We billed this event as a fireside chat.  The main speakers were Brian Shield, VP/IT for the World Champion Boston Red Sox and Eric Rosenbach, Co-Director of the Harvard Kennedy School’s Belfer Center for Science and International Affairs and former Assistant Secretary of Defense for Global Security.

The discussion with Brian and Eric was outstanding.  They made things so relatable and for individuals with their experience and responsibilities, they were so humble, down to earth and relatable.  They had the room riveted the entire time.  Thank you to everyone who came out for this event!

Following are some of the highlights from the chat:

  1. Ransomware like the latest LockerGoga will continue to be problematic and most likely grow. The worst Ransomware came from NSA and DoD leaks of offensive cyber weapons.

  2. Nation States will continue to lead bad actors. It’s an asymmetric weapon that non-democratic countries can use against more powerful western countries.  Many countries are unable to compete with the traditional military power of the United States and NATO, but hacking and other cyber weapons and attacks level the playing field.  North Korea uses ransomware and other cybercrime to raise money to get around sanctions. Look for more info ops like what the Russians did in the 2016 elections.
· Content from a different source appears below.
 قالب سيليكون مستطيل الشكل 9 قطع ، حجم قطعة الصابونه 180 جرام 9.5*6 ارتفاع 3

  3. AI will help defensively, but we need to look out for info ops that may look very real but be fake. Think of online videos from a political candidate that’s not really the candidate. How do we know what’s real and what’s not?

  4. Cybersecurity is a holistic approach. It’s not just technology, it’s a leadership issue. CEO’s and Boards need to have raised awareness.
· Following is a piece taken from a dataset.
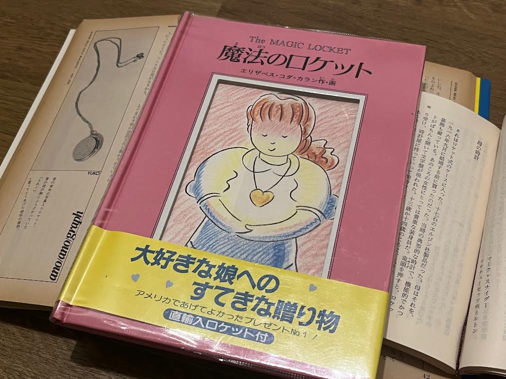 80年代のとある本に「彼氏のロケットに元カノの写真が入っていた」と書いていて、ロケットペンダントに興味が湧いていたここ最近。別の日に古本屋に行くと今度は『魔法のロケット』という絵本を発見し、さらにロケットの存在が気になり始めてしまった(その本の帯に“直輸入ロケット付”と書いていたが、残念ながら付属しておらず)。そんな最中、また違う文庫本を呼んでいると、「ロケット式の時計」というワードが出てきて、つまり懐中時計的なもののことなのだろうと推測したが、どうも具現化できず、いよいよロケットについて少し調べることにしたのであります。

  5. Incident response plans are critical. The plan must be tested as you don’t want to test it when you first have to activate it.
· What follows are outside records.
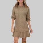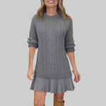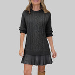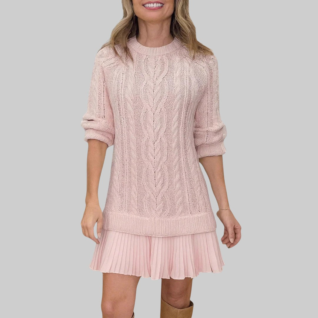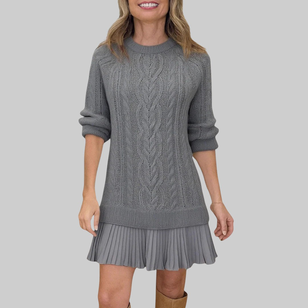 Kleidi lõige on sirge ja kehakujule sobiv, kaunistatud peene voltimisega, mis lisab ajatu kudumise disainile elegantse ja mängulise nüansi.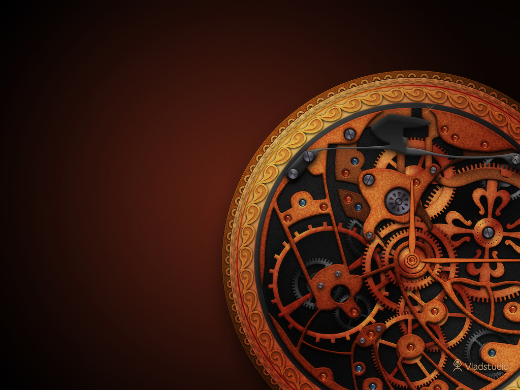 Description: A clock with gears and chains on it's face and a red background with a black background behind it.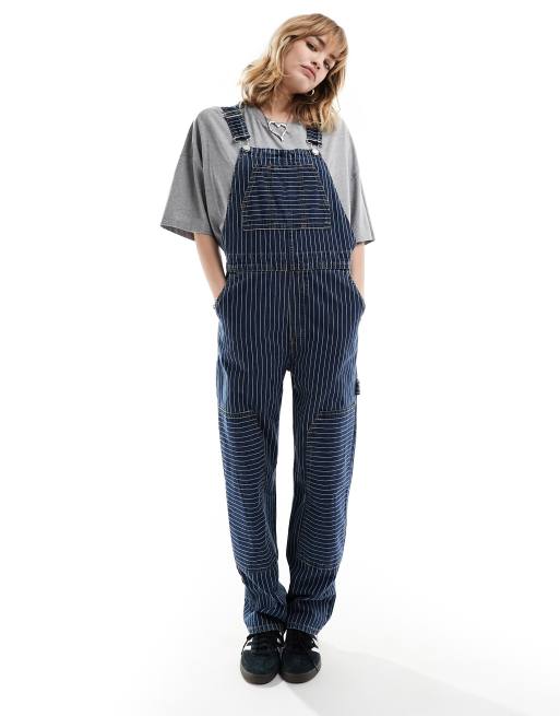 Monki - Salopette en jean style workwear à rayures - Bleu délavé

  6. Cyber security is very interconnected. Private industry is being targeted. We are all on the front line. It’s important to the national security of our country to educate our workers on how to remain safe.  Eric feels this is a duty we have to our country. We must address the threat. We need to change the culture and improve investment.

  7. Social Media monitoring can give you insight into whether or not your organization may be targeted.

  8. Worry about the threat actor that infiltrates and hangs around for several months. That’s a big concern of Brian’s.

  9. Your corporate assets are highly vulnerable in foreign countries like China.  It was recommended to never bring your personal or corporate cell phone or computer.  Get a burner, solely for the trip.

  10. Your reputation may hang on your supply chain! Be sure they have good cybersecurity and put requirements and penalties into your contracts.

  11. Everyone should be using 2FA.

I wrapped up the chat by sharing a few stories that reinforced some of the above.  Finally, I concluded with the following concluding statement from recent CompTIA testimony before the US Senate Committee on Small Business and Entrepreneurship titled “Cyber Crime: An Existential Threat to Small Business” delivered by CompTIA EVP Elizabeth Hyman:

“While the challenge that lies ahead of us can seem overwhelming and almost too great a burden to bear, it is one we cannot afford to ignore. By working together and continuing to embrace the private-public partnership that has long benefited the cybersecurity ecosystem, we can do a great deal to help better prepare small businesses, and business of all sizes, for the cybersecurity threats they are facing.”

What’s your plan for addressing your cybersecurity risks and educating your workforce on their role?